═════ Source data

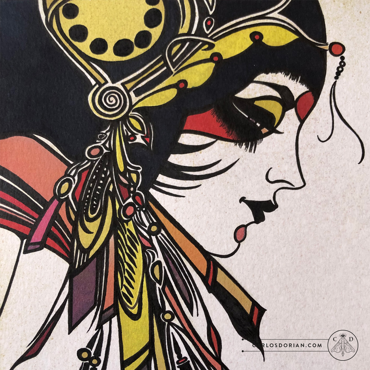 “Bijin I” Ink Drawing & Watercolor.
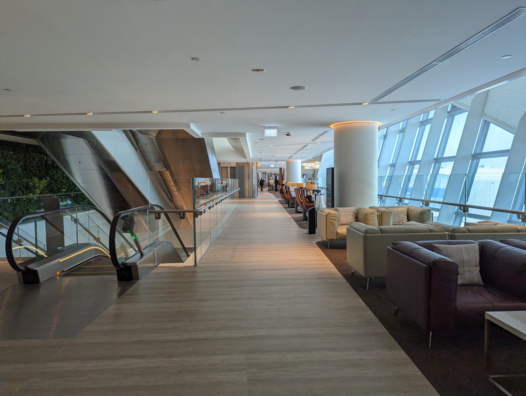 After walking around a little I make my way to Etihad Airway’s Business class lounge. As this is Etihad’s home airport, and brand new terminal I’m excited to see what their flagship lounge looks like! It certainly doesn’t disappoint! It is huge, with three floors of what is seemingly an entire side of the airport. There are food and bar options on every floor with plenty of seating and great views of the apron with many opportunities to spot planes. I didn’t partake in too much food since I just had breakfast, but the food on offer looks top notch. I did settle for some snacks and refreshments as I settle in to watch all the different planes pass by.
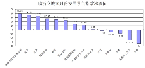 从14类商品发展景气指数看,环比9涨5跌。其中,涨幅前3位的是:家用电器和音像器材类、灯具类、家具类,分别上涨39.63、36.58、33.35点;跌幅前3位的是:农资类、文教办公用品类、陶瓷类,分别下跌34、25.15、9.31点(见下图)。
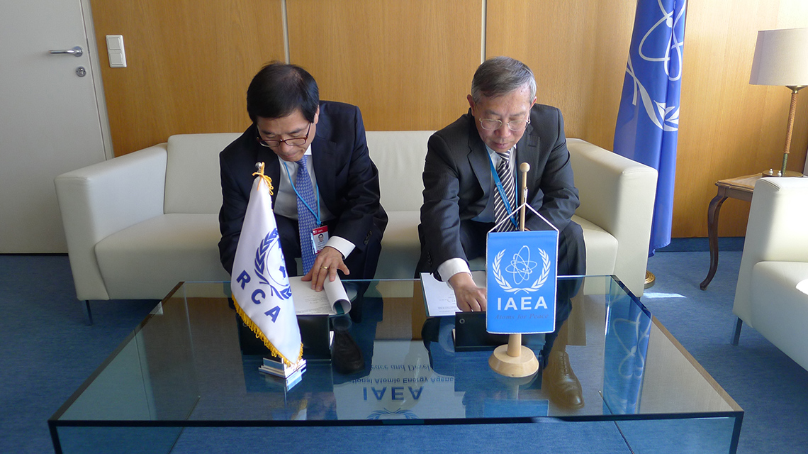 The IAEA and RCA Regional Office have formalized their cooperation to enhance cooperation in the performance of secretariat duties under the 2017 Regional Cooperative Agreement for research, development and training related to nuclear science and technology for Asia and the Pacific (RCA). Practical Arrangements outlining the terms of collaboration were signed by Mr. Dazhu Yang, Deputy Director General of IAEA Technical Programme Department and Mr. Hai Joo Moon, Director of the RCA Regional Office (RCARO) on 14 September 2017 at the IAEA headquarters in Vienna, Austria.
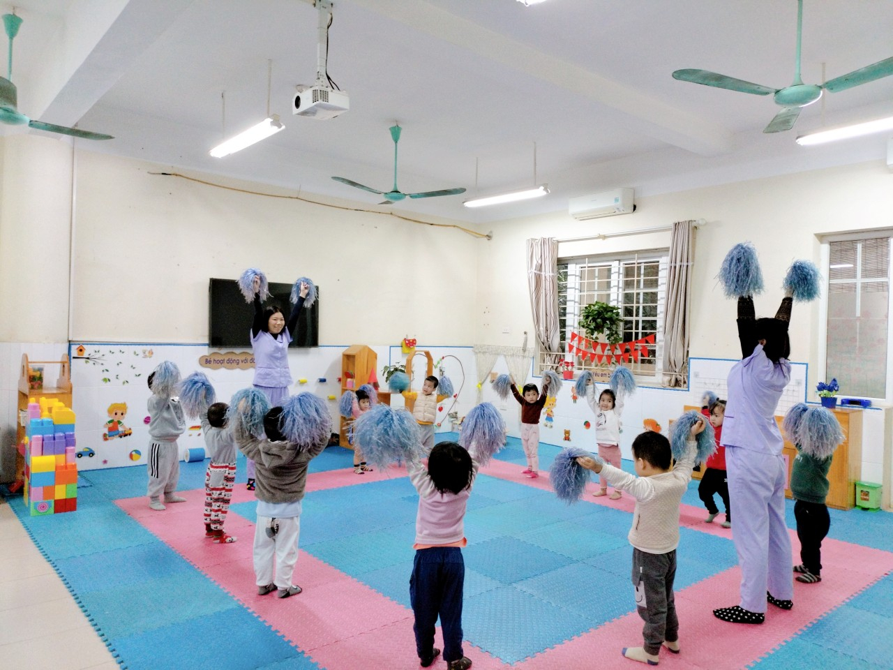Các bé lớp nhà trẻ D2 với hoạt động thể dục sáng
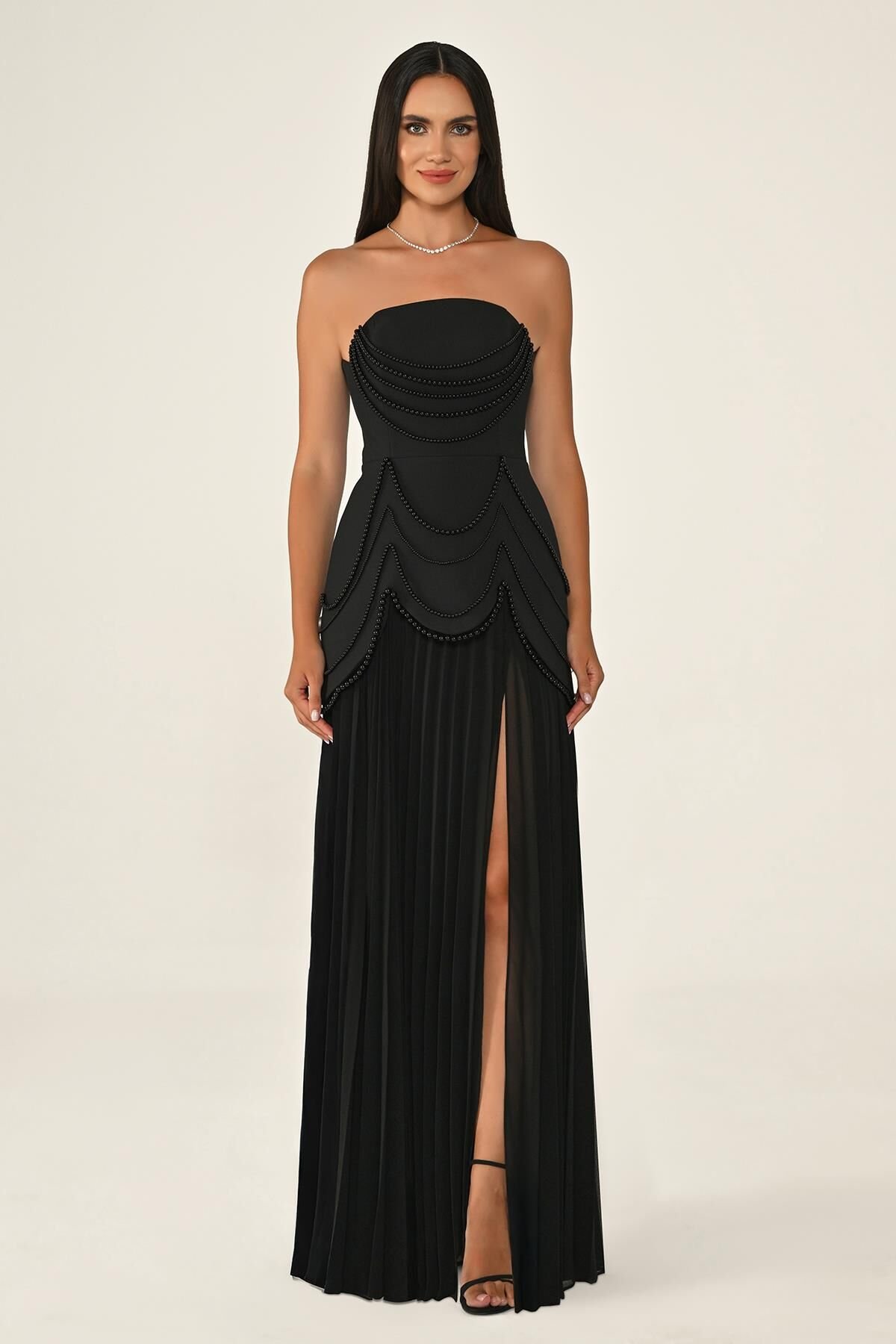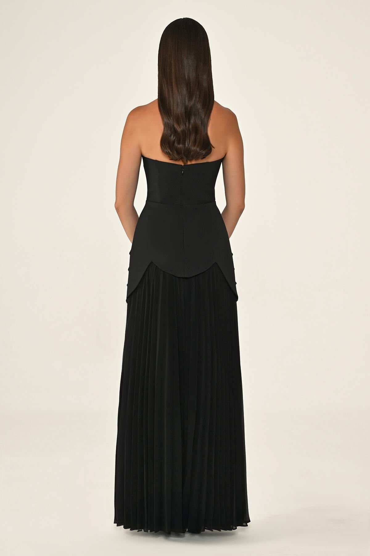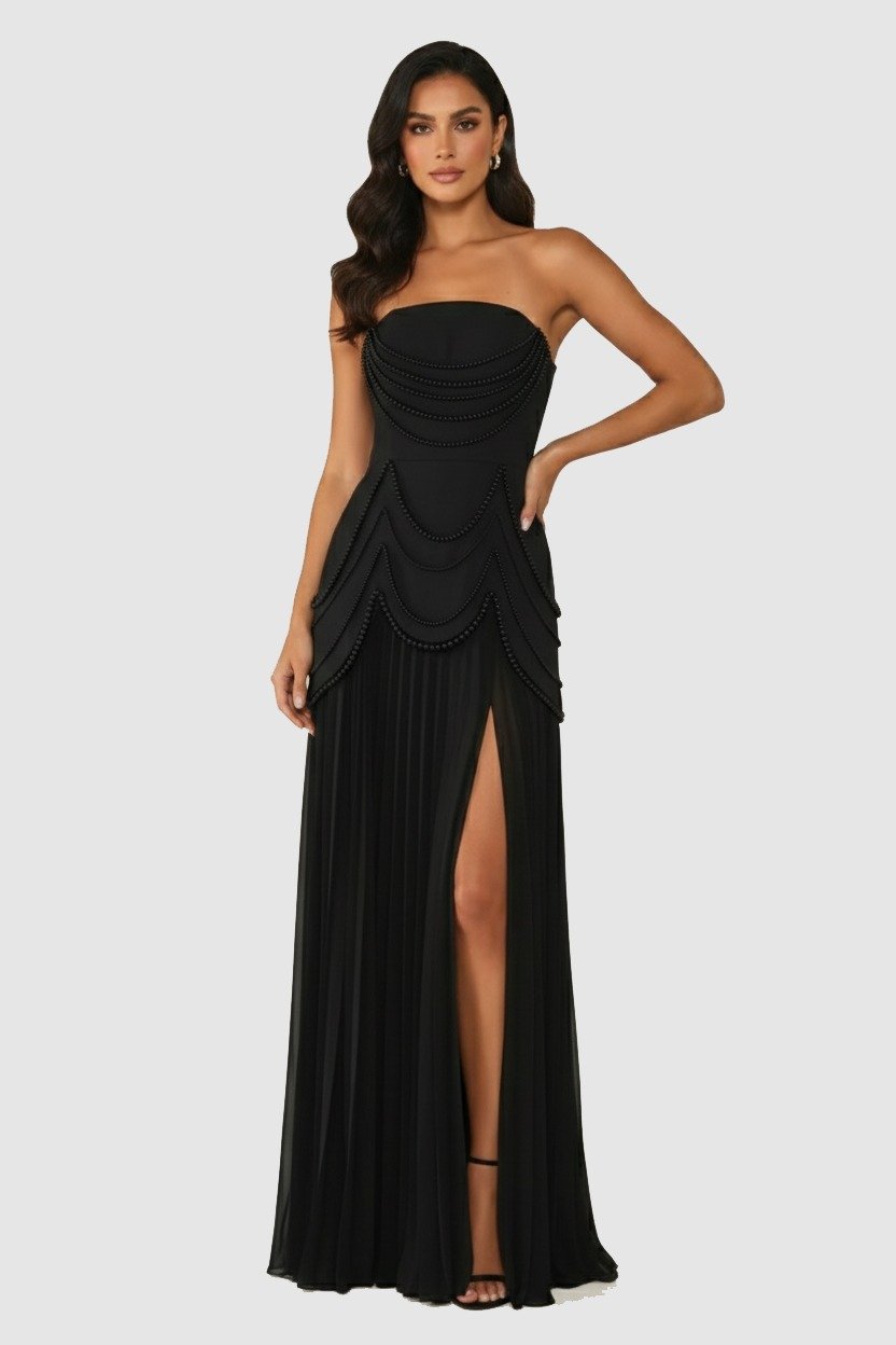 فستان أسود سترابليس بتفاصيل طبقات مزينة على الكورسيه، وتنورة بليسيه طويلة مع شق أمامي أنيق.

══════════

Work instructions
Leave out the pictures and retype every line above exactly.

Task solution
 “Bijin I” Ink Drawing & Watercolor.
 After walking around a little I make my way to Etihad Airway’s Business class lounge. As this is Etihad’s home airport, and brand new terminal I’m excited to see what their flagship lounge looks like! It certainly doesn’t disappoint! It is huge, with three floors of what is seemingly an entire side of the airport. There are food and bar options on every floor with plenty of seating and great views of the apron with many opportunities to spot planes. I didn’t partake in too much food since I just had breakfast, but the food on offer looks top notch. I did settle for some snacks and refreshments as I settle in to watch all the different planes pass by.
 从14类商品发展景气指数看,环比9涨5跌。其中,涨幅前3位的是:家用电器和音像器材类、灯具类、家具类,分别上涨39.63、36.58、33.35点;跌幅前3位的是:农资类、文教办公用品类、陶瓷类,分别下跌34、25.15、9.31点(见下图)。
 The IAEA and RCA Regional Office have formalized their cooperation to enhance cooperation in the performance of secretariat duties under the 2017 Regional Cooperative Agreement for research, development and training related to nuclear science and technology for Asia and the Pacific (RCA). Practical Arrangements outlining the terms of collaboration were signed by Mr. Dazhu Yang, Deputy Director General of IAEA Technical Programme Department and Mr. Hai Joo Moon, Director of the RCA Regional Office (RCARO) on 14 September 2017 at the IAEA headquarters in Vienna, Austria.
Các bé lớp nhà trẻ D2 với hoạt động thể dục sáng
 فستان أسود سترابليس بتفاصيل طبقات مزينة على الكورسيه، وتنورة بليسيه طويلة مع شق أمامي أنيق.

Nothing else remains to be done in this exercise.